As Santa Barbara’s wineries have burgeoned, so too have places to dine, creating a synergy between chefs and vintners. Nowadays, there is an abundance of excellent restaurants, complete with superlative wine lists.
Situated in the Funk Zone, Santa Barbara’s vibrant arts district north of Stearns Wharf, this sophisticated restaurant serves seasonally inspired cuisine that employs ingredients from local farms. Named after Southern Pacific’s overnight train that ran between Los Angeles and Oakland up until 1968, The Lark has integrated design elements from that time.
For example, tables positioned in antique train booths offer a more private dining experience. Everything on the menu sounded delectable, and since the plates are intended for sharing, we were able to try a significant number of dishes. The crispy Brussels sprouts, served with medjool dates, serrano chile and lime, were simultaneously sweet and tangy, but the caramelized sunchokes accompanied by shavings of aged Spanish Garrotxa cheese, dollops of rosemary yogurt and toasted walnuts were a standout. The chestnut pappardelle with butternut squash and chanterelle mushrooms was delicious, but the crowning glory of our meal was caramelized diver scallops served with sweet Dungeness crabmeat, crispy parsnips and snap peas.
While the wine list is quite extensive, we were enticed by the unique drink menu. For dessert, we chose the Humble Pie cocktail created with brown butter, mezcal, aquavit, Bonal, sage and carrot. It was a well-balanced mélange and a perfect end to our meal. Closed Monday.
The Lark
131 Anacapa Street. Tel. (805) 284-0370
This upscale Spanish restaurant in the waterfront district serves innovative tapas on a lovely patio warmed by a hearth or in a dining room appointed with brass chandeliers, exposed white-brick walls and colorful Spanish patterned tile floors.
We began our meal with a tortilla Española, a thick omelet made with potatoes and caramelized onions and served cold with an herb aioli; traditional gambas al ajillo (black tiger prawns in a spicy tomato, brandy and garlic sauce); and tender grilled octopus tentacles over a bed of mashed potatoes with black-garlic aioli. Though our starters were outstanding, the highlight of our meal was the paella, with its roasted free-range chicken, spicy chorizo, gigante beans, hen of the woods mushrooms and grilled lemon and arugula garnishes. The key for a perfect paella is the socarrat (the toasty bottom where the rice caramelizes on the base of the pan), and the one at Loquita did not disappoint.
The unpretentious and authentic cuisine served here makes diners feel as though they have traveled to Spain for an evening, and everything from the sangria to the Spanish coffee, served with 12-year-old El Dorado rum and Frangelico whipped cream, to the wine list, broken down into Catalunya, Galicia, Andalucia, Rioja, Ribera del Duero and Santa Barbara sections, made this restaurant one of the high points of our trip.
Loquita
202 State Street. Tel. (805) 880-3380
Located three doors down from the Mission Revival-style Arlington Theatre, dating from 1931, Jane is on the main drag of State Street, in the heart of downtown. This restaurant was named after the current owner’s grandmother Jane Moody. The dining room décor is refreshingly unassuming. Walls are simply appointed with original black-and-white photographs of Moody’s lively past, and wood tables feature fresh flower centerpieces.

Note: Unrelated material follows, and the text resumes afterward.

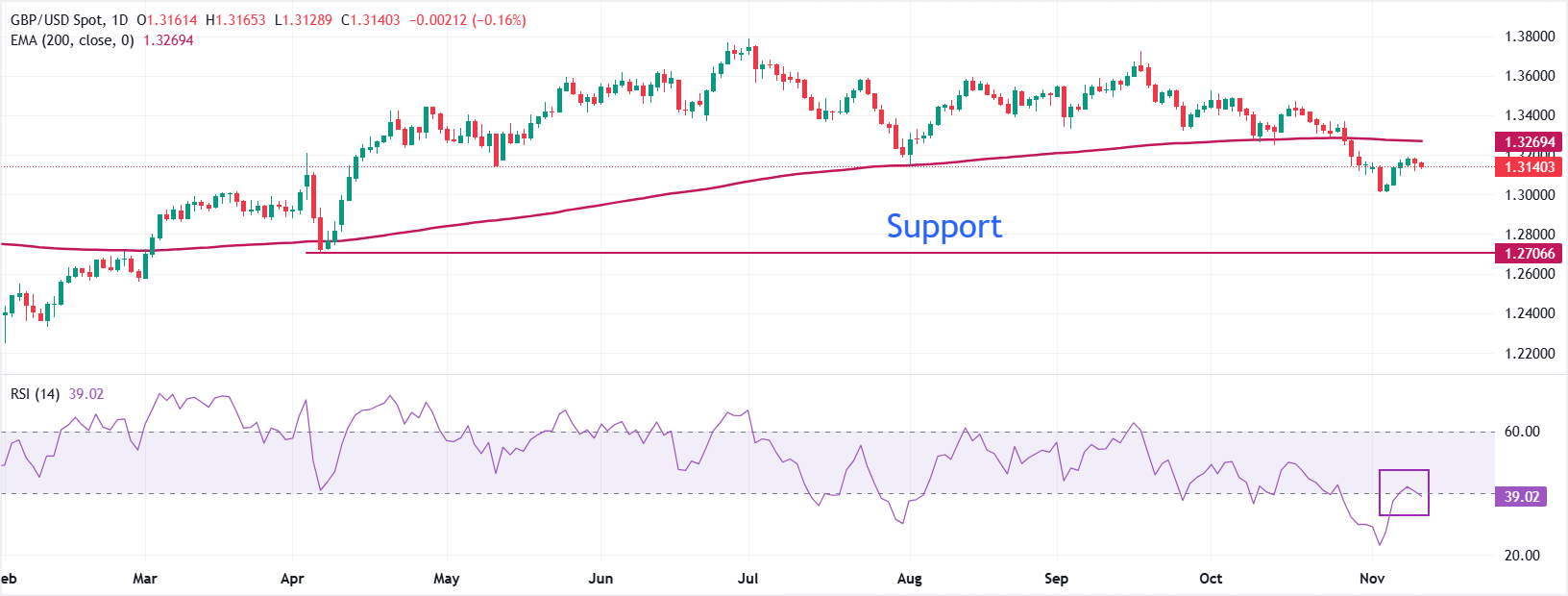Teknik Analiz: İngiliz Sterlini 1,3100 seviyesinin altında daha fazla düşüş görüyor

The mood is simultaneously elegant and casual and ideal for a peaceful lunch. This restaurant attracts a clientele of younger families, and the high-caliber contemporary bistro fare is approachable yet refined. Lunch offers creative salad bowls that are seasonally inspired, such as the butter lettuce served with papaya, fresh Dungeness crab and toasted almonds in a light curry sauce. My dish was composed of seared ahi and garlic-crusted prawns served atop cucumber noodles, daikon sprouts, watercress and butter lettuce, which was then heightened by a homemade sesame vinaigrette. More-substantial staples are also available, including a chicken piccata in a white wine-butter sauce, and grilled salmon with a mango relish.

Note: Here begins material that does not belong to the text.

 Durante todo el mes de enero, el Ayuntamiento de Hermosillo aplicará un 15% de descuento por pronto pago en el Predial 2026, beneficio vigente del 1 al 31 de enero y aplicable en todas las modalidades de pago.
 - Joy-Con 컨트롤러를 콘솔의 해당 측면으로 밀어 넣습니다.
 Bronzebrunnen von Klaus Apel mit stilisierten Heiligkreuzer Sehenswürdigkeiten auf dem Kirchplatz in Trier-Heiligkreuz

Dinner offers a more expansive menu of bistro classics, including grilled rack of lamb, and steak frites, but I have been warned that dinners can get noisy because of the open bi-level space. Whether you are there for lunch or dinner, do not leave without ordering one of the famous homemade cakes or sundaes. I recommend the coconut chiffon cake served with a sauce anglaise. Closed Sunday.